How Do You Calculate the Voltage at Node C in an Op Amp Circuit?

[lam58]

Hello, I'm stuck on this question, it asks to find the voltage at node c (on the circuit below) then use this value to work out other values of the op amp circuit.

I tried using kirchhoffs laws but that didn't work, then I used thevenins. Basically I took out the 6k and 8k resistors and calculated the voltage difference between the two 3k resistors and got 10.5V. Then I took away the two 3k resistors and put back the 8k and 6k then using the 10.5v found the voltage drop across the 6k resistor i.e. (6k x 10.5v)/(6k + 9k) and got 4.5v. I then took 4.5 from 10.5 and got 6 volts. However I don't have answers to this question so I'm unsure if I've got the right answer and/or my method is correct, which I doubt.

Any help on how to approach this question would be much appreciated.

 

[Jony130]

The correct answer is 6V. Why you don't use nodal analysis? Also are you aware that thanks to negative feedback action the voltage at point B must be equal the voltage at point A? If so VA = 0V so the VB also must be equal to 0V.

 

[lam58]

The correct answer is 6V. Why you don't use nodal analysis? Also are you aware that thanks to negative feedback action the voltage at point B must be equal the voltage at point A? If so VA = 0V so the VB also must be equal to 0V.

Mainly because I'm an idiot.

 

[Jony130]

Mainly because I'm an idiot.

Don't be so harsh on yourself, new year is coming.

I think that you should try again but this time use KCL.

For this diagram

We can write for node C the KCL

I1 = I2 + I3 + I4 and additional

I1 = (21V - Vc)/3K

I2 = Vc/6K

I3 = (Vc - Vd)/8K

I4 = ??

Next do the same thing for B node and next instead VB put VB = 0V and solve this simultaneous equations.

 

[lam58]

Don't be so harsh on yourself, new year is coming.
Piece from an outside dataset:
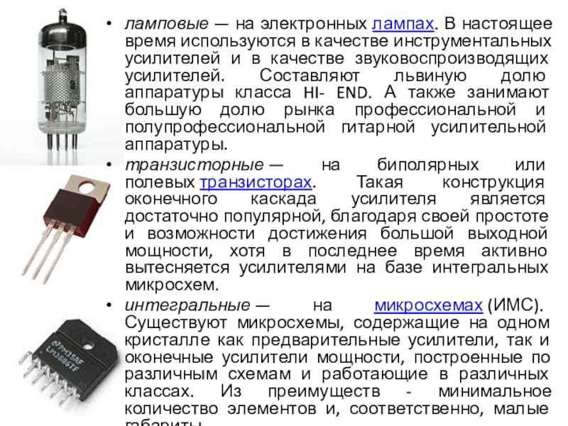 усилителей и в качестве звуковоспроизводящих усилителей. Составляют львиную долю аппаратуры класса HI- END. А также занимают большую долю рынка профессиональной и полупрофессиональной гитарной усилительной аппаратуры.

I think that you should try again but this time use KCL.

For this diagram

We can write for node C the KCL

I1 = I2 + I3 + I4 and additional

I1 = (21V - Vc)/3K

I2 = Vc/6K

I3 = (Vc - Vd)/8K

I4 = ??

Next do the same thing for B node and next instead VB put VB = 0V and solve this simultaneous equations.

I'm missing something here I'm putting I4 as (Vc-Vb)/3k

and for node B

(Vc-Vb)/3k = (Vb-Vd)/5k.

But this doesn't seem to be right.

 

[Jony130]

I'm missing something here I'm putting I4 as (Vc-Vb)/3k

Very good

and for node B

(Vc-Vb)/3k = (Vb-Vd)/5k.

But this doesn't seem to be right.

Why? I don't see any mistake. The ideal opamp has infinite input impedance. That means its inputs don't draw any current at all. And this is why I4 = I5
So you have all information needed to solve this problem.